I began hacking away, the initial code worked fine, updating the DB on each page load. I wanted to remove this DB hit on each request though and just rely on Session_End to store all the data.

All of the tracking code is encapsulated in the Tracker class, including properties that essentially wrap the Session variables.

The problem is that when I executed Tracker.Log() in the Session_End method, the HttpContext.Current.Session in the Tracker code was failing with a NullReferenceException.
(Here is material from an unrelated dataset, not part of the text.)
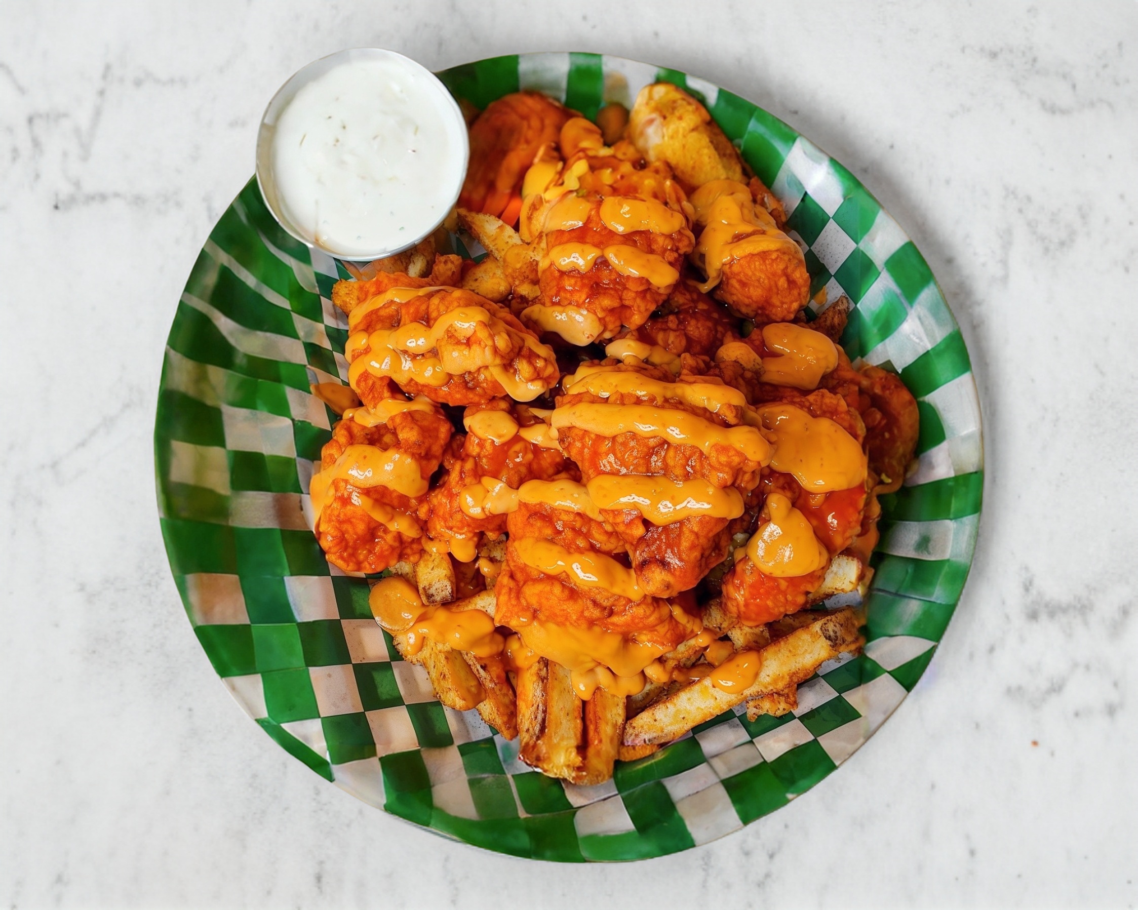 Base de papas fritas bañadas con queso amarillo y boneless en trozos con la salsa de preferencia bañados con toping de aderezo chipotle, queso y rancho.

Now, this makes sense since HttpContext always relates to the current request, and of course in Session_End, there is no request.

I know that Global.asax has a Session property which returns a HttpSessionState that actually seems to work fine (I ended up injecting it in to the tracker)..

But I am curious, how the hell can I get the same reference to the HttpSessionState object used by Global.asax from outside of Global.asax?

Thanks in advance guys, I appreciate the input. :)


Solution

  • Global.asax implements HttpApplication - which is what you are talking to when you call this from within it.

    The MSDN documentation for HttpApplication has details on how you can get hold of it in an HttpHandler for example, and then get access to the various properties on it.

    HOWEVER

    Your application can create multiple instances of HttpApplication to handle parallel requests, and these instances can be re-used, so just picking it up somehow isn't going to guarentee that you have the right one.

    I too would also add a note of caution - if your application crashes, there's no guarentee that session_end is going to be called, and you'll have lost all the data across all sessions, clearly not a good thing.

    I agree that logging on every page is probably not a great idea, but perhaps a halfway house with some asynchronous logging happening - you fire details off to a logging class, that every now and then logs the details you are after - still not 100% solid if the app crashes, but you're less likely to lose everything.